Can I run BGE-Small-EN on NVIDIA Jetson Orin Nano 8GB?

check_circle
Perfect
Yes, you can run this model!
GPU VRAM
8.0GB
Required
0.1GB
Headroom
+7.9GB

VRAM Usage

0GB 1% used 8.0GB

Performance Estimate

Tokens/sec ~90.0
Batch size 32

info Technical Analysis

The NVIDIA Jetson Orin Nano 8GB is exceptionally well-suited for running the BGE-Small-EN embedding model. With 8GB of LPDDR5 VRAM and the model only requiring 0.1GB in FP16 precision, there's a substantial VRAM headroom of 7.9GB. This allows for comfortable operation even with larger batch sizes and potentially other concurrent AI tasks. The Orin Nano's Ampere architecture, featuring 1024 CUDA cores and 32 Tensor Cores, provides ample computational power for the model's relatively small 0.03B parameter size.

Memory bandwidth, though modest at 0.07 TB/s, is not a significant bottleneck for BGE-Small-EN. Embedding models are generally less memory-bandwidth intensive than large language models. The estimated 90 tokens/sec performance is a reasonable expectation for this hardware and model combination. The estimated batch size of 32 leverages the available VRAM efficiently, maximizing throughput without exceeding memory capacity. This setup allows for efficient inference, making it suitable for edge applications and real-time processing.

lightbulb Recommendation

For optimal performance on the Jetson Orin Nano, prioritize using a framework optimized for NVIDIA GPUs, such as TensorRT or ONNX Runtime with CUDA execution. While FP16 precision works perfectly, consider experimenting with INT8 quantization to potentially increase throughput further, given the ample VRAM. Monitor memory usage and adjust batch sizes as needed to avoid exceeding the 8GB limit, especially if running other processes concurrently.

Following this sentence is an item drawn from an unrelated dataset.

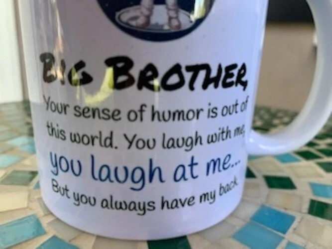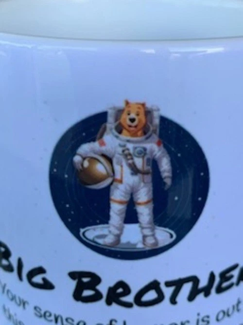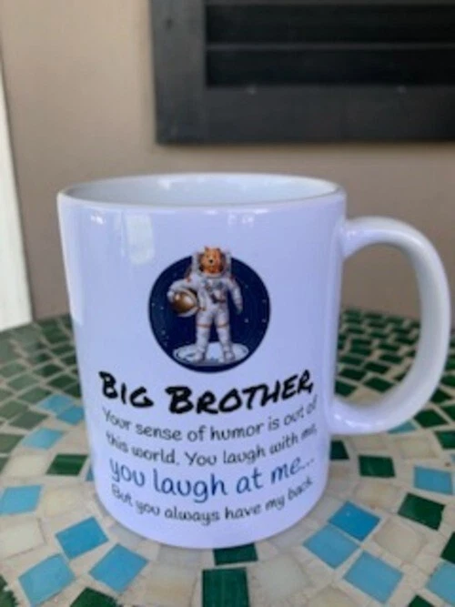 This coffee mug is the perfect gift for your big brother on any occasion, whether it's Christmas, Father's Day, Siblings Day, or his birthday. The tongue-in-cheek message will for sure bring a smile to his face. Get this coffee mug for your big bro today and let him know how much he means to you! NOTE: The original design showed faint, tiny stars all around the space bear image around the outside of the circle. It is very faint, almost imperceptible. I tried to magnify an image so to make it clear. The never-used mug comes in an open box. Dishwasher and microwave safe. A comfortable handle designed to fit 3 average adult fingers. Rounded edges for comfort.

If you encounter performance limitations, verify that the Jetson Orin Nano is running in its maximum performance mode and that thermal throttling is not occurring. Ensure the latest NVIDIA drivers are installed for optimal compatibility and performance. Consider optimizing the input pipeline to minimize data transfer overhead between the CPU and GPU. You can also try different inference frameworks to find the one that works best with your specific application.

tune Recommended Settings

Batch_Size
32
Context_Length
512
Other_Settings
['Enable CUDA graph capture', 'Optimize input pipeline', 'Ensure proper cooling for sustained performance']
Inference_Framework
TensorRT
Quantization_Suggested
INT8

help Frequently Asked Questions

Is BGE-Small-EN compatible with NVIDIA Jetson Orin Nano 8GB? expand_more
Yes, BGE-Small-EN is perfectly compatible with the NVIDIA Jetson Orin Nano 8GB.
What VRAM is needed for BGE-Small-EN? expand_more
BGE-Small-EN requires approximately 0.1GB of VRAM in FP16 precision.
How fast will BGE-Small-EN run on NVIDIA Jetson Orin Nano 8GB? expand_more
You can expect BGE-Small-EN to run at approximately 90 tokens/sec on the NVIDIA Jetson Orin Nano 8GB.